VPg (viral protein genome-linked) is a protein that is covalently attached to the 5′ end of positive strand viral RNA and acts as a primer during RNA synthesis in a variety of virus families including Picornaviridae, Potyviridae and Caliciviridae. There are some studies showing that a possible VPg protein is also present in astroviridae, however, experimental evidence for this has not yet been provided and requires further study. The primer activity of VPg occurs when the protein becomes uridylated, providing a free hydroxyl that can be extended by the virally encoded RNA-dependent RNA polymerase. For some virus families, VPg also has a role in translation initiation by acting like a 5' mRNA cap.

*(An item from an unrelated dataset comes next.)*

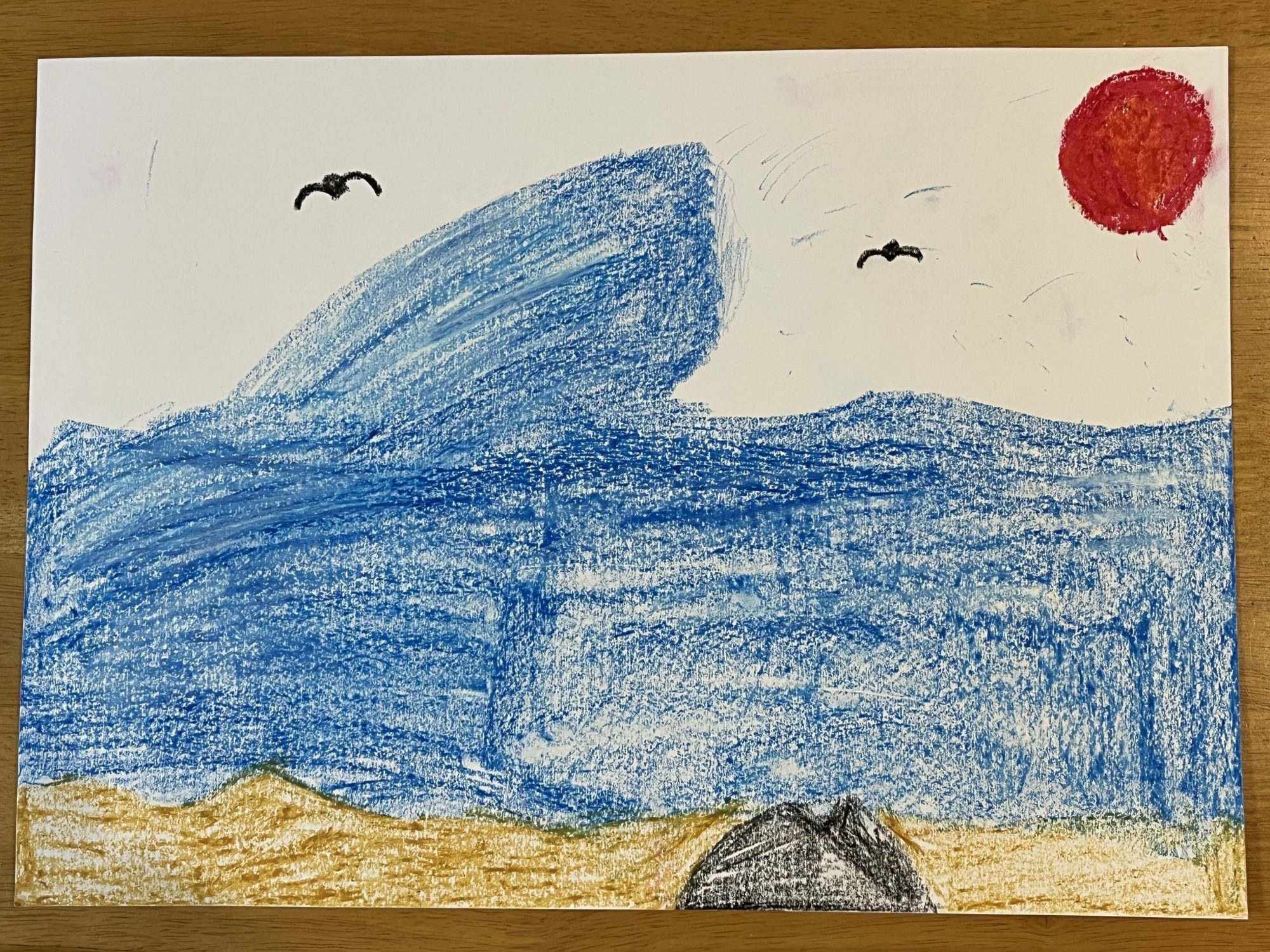海に強い風がふいて、波とカモメが揺れています。海の塗り方を工夫しました。

VPg was first described in initial investigations of poliovirus RNA as a protein covalently attached to the 5' end of the genome. and later seen in caliciviruses.

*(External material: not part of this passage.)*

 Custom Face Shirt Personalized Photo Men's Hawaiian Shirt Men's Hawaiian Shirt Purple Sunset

Attachment during RNA synthesis
VPg must undergo post-translational uridylylation before it can act as a primer for replication. 3Dpol (the RdRp) is able to synthesize Vpg-pUpU-OH by using a polyA sequence within a stem-loop structure (cis-acting replication element) of 2C-ATPase as a template. Furthermore, a 5' terminal cloverleaf is required in cis to form the 3Dpol preinitiation RNA replication complex involved in uridylylating VPg.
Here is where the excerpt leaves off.